Shares in pet care supplier Pets at Home (PETS) were down 5% to 265p in morning trading as the CMA (Competition and Markets Authority) confirmed it would launch a full investigation into the veterinary services sector.
In contrast, shares in veterinary practice operator CVS (CVSG:AIM) were up nearly 3% in morning trading to £10.66.
Commenting on the different reaction, AJ Bell investment director Russ Mould said: ‘A lot of bad news about a probe into the vet sector has already been priced into CVS shares, hence the muted reaction to today’s update that a formal market investigation will take place.’
CONSUMER CONCERNS
Last September, the CMA carried out an initial review which prompted 56,000 responses from pet owners and people working in the vet industry.
In March, the regulator outlined its concerns, which were: consumers weren’t getting the information they needed, there was a limited choice of vet businesses and the regulatory framework was preventing the market from functioning ‘as well as it could.’
The CMA also gave the following tips to pet owners: look further for the closest vet, ask if there are other treatment options, and if it is not urgent consider buying medication elsewhere.
Martin Coleman, inquiry group chair, said: ‘The vet services market is worth an estimated £5 billion a year and provides a necessary service to pet owners so it’s right that we fully investigate competition concerns – this matters to businesses, veterinary professionals and crucially, the 16 million households in the UK who have pets.’
EXPERT VIEW
Analysts at Liberum are positive on the veterinary sector as a whole but cautious on Pets at Home shares.
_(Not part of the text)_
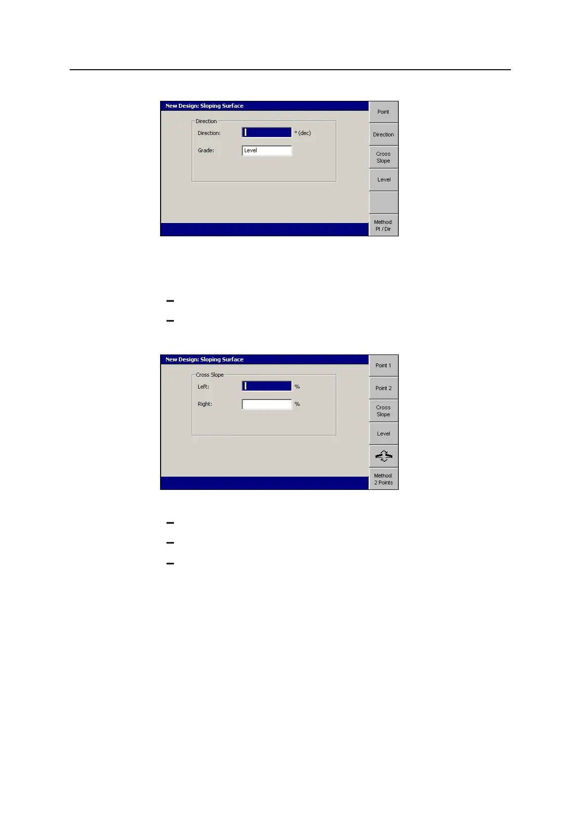 beside the cross slope fields indicate the direction of slope, as seen from

In a research note published prior to the CMA's latest announcement, they said: ‘In Vets, we like the very strong momentum, positive profit trajectory, growing cash generation and defensiveness of the division. We think it is well positioned against the five main potential concerns raised by the CMA and the proposed formal market investigation. But the shares have not performed well reflecting the lack of profit growth.’
DISCLAIMER: Financial services company AJ Bell referenced in this article owns Shares magazine. The author of this article (Sabuhi Gard) and the editor (Ian Conway) own shares in AJ Bell.